Chapter 4:

Reminiscence(3)

An Android Mind in a Human's Body


Well, another thing in my life has been infected with relationship garbage. My oldest sister got another boyfriend, his brother goes to my school so he must've heard about me somewhere because he gives me the same look I get from my classmates. I do not know what I did to end up at this point, but somewhere along the line I clearly fucked up somewhere. I hate everything that has to do with romance, or maybe it is relationships as a whole, either way I do not understand either of them so fuck them both.

I actively have been avoiding home recently, nothing good would come from me running into my sisters who hate me or their boyfriends, so I have been hanging out with Zach more and more. Being around him reminds me of good days when the world would not judge you for hanging out with the opposite sex. Looking back, I was too curious for my own good when it came to anything romance.

"Hey Zach, do you like anyone? Like more than a friend?" I bluntly stated as needlessly beating around the bush was never my way.

"What? Where did that come from? I thought you were anti anything relationship." He said, his face getting flushed red.

"HUH? No, up until recently I was indifferent, I just didn't understand it, I still dont, but I do not know if I would say I am anti romance. Perhaps I just hate what it has done to my friends and the standards we are held up on." I sigh and lay my head on my arm looking at Zach.

"I just wish things didn't change."

Zach stares at me for an uncomfortably long time before responding "I don't wish that." His answer baffled me, of course I could not understand where he was coming from , but I noticed he dodged my question.

"You never answered my question. Do yo-" I could not get the words out at this point as something was blocking my mouth. Something rough was on my lips, a new sensation, I was confused on what this feeling was until I realized it was Zach himself.

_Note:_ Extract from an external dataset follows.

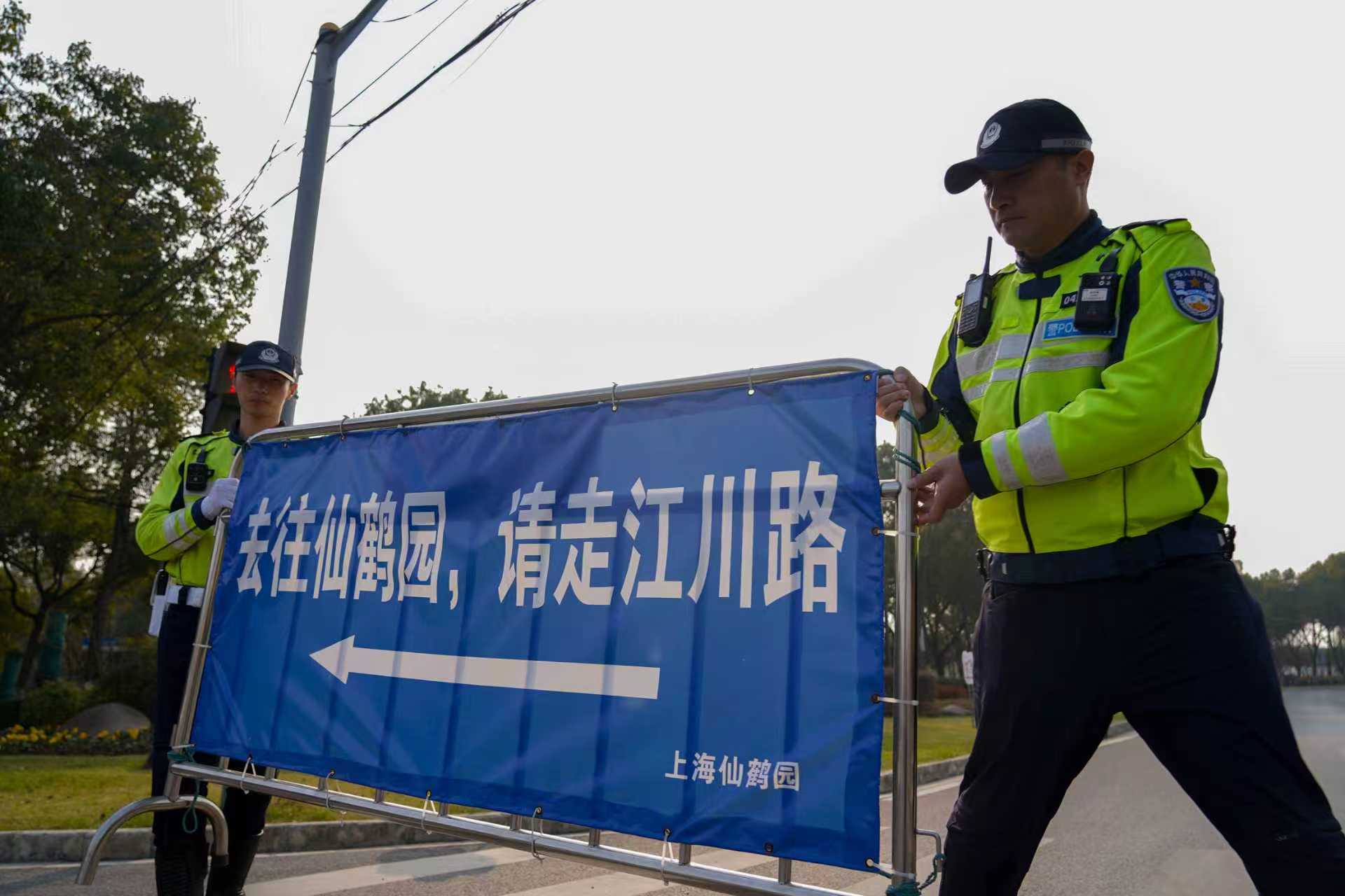 民警公安民警正在仙鹤墓园停车场疏导车流。闵行公安供图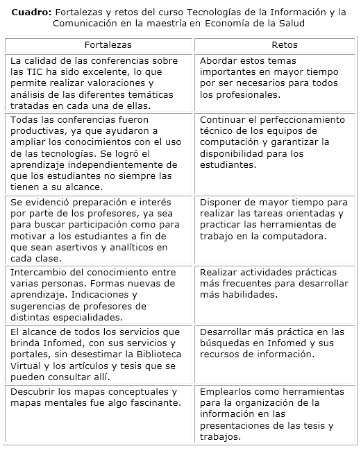 Al emplear la revisión bibliográfica y el análisis documental se decidió retomar los temas de TIC ya previstos en las ediciones anteriores del curso. Se incorporó la actualización necesaria y se añadieron otros contenidos de interés por su novedad y aplicación en las investigaciones sobre economía de la salud. Se indagó en el uso de estas herramientas de trabajo colaborativo y sus posibilidades de generar debate entre los estudiantes hasta el momento incorporados al curso (27), así como potenciar un trabajo de construcción colectiva de conocimiento entre estos. De este modo se previó, a partir de la estrategia metodológica implementada, enfocar la ética y los valores asociados al uso de las tecnologías y la gestión de la información.

I quickly backed away, wiping my lips with tears forming asking in a voice that was trembling "Wh- Wha- What was that? Why did you do that! What did I do to you?" I am tearing up, my trembling voice is getting louder and louder, I am beginning to make a scene.

"Did that answer your question?" His response put everything in perspective for me.

"Why...why could we not just be friends. Why did you do that? Why did you have to change too?" With that final question, I started running home, it was all too much to handle, my mind racing, I could not understand why he did that, no matter what happened, I felt my world closing in on me.

Why did he do that?

Did I do something wrong?

Is this why boys and girls can not be friends?

I will ask him about it tomorrow, but I never could ask him about it. When I came in the next day, my desk had the words 'TWO-FACED SLUT' carved on the top of my desk. I looked around and realized everyone was looking at me. I looked at Zach and he gave me a look that gave me an unfamiliar pain in my chest, it felt like barbed wire got wrapped around my heart and ripped it to shreds.

I have no one left

Would anyone even recognize if I am not here anymore? 

No one will miss you.

Jenna would, right? Would she? Would my parents miss me?

They would be better off without you.

They're all looking at you. 

They're all looking at me.

They all hate you.

They all hate me.

This is not good, I feel eyes on me everywhere, I can't breathe. I need to get out of here. With that I spend the rest of my day in the nurses office, there is nothing I can do about this now, its too late for me to try and fight these problems. There is no point now that I am alone. I should just leave now, with that I left the school early and headed home, even if I felt uncomfortable there, I still would not feel the utter hatred I feel here.

Huh? That's weird, why is the door locked? 

I look around the front door. I never was the first one home having to unlock the door, I did not know if there was some spare key hidden somewhere.

"Is Sofia not home yet? She is always the one who unlocks it. When do the high-schoolers get home? She should be home soon...I think?"

**ba-dum** **ba-dum** **ba-dum**

Oh, no... why do I feel like someone is watching me...

They are all watching you, waiting for you to fuck up.

I am having trouble breathing, my heart won't stop beating so damn loudly.

WHAT IS WRONG WITH ME?

WHY ME? WHAT DID I DO?

With this, I curl up on the porch crying hiding my face in my knees, trying to avoid all the eyes I feel on me. I do not get it, no one is out yet I still feel eyes on me in every direction.

"Sofia, mommy, daddy, please someone help me. Please tell me what I am doing wrong." I say with tears staining my jeans and snot dripping out of my nose, utterly defeated by the world and its cruelty.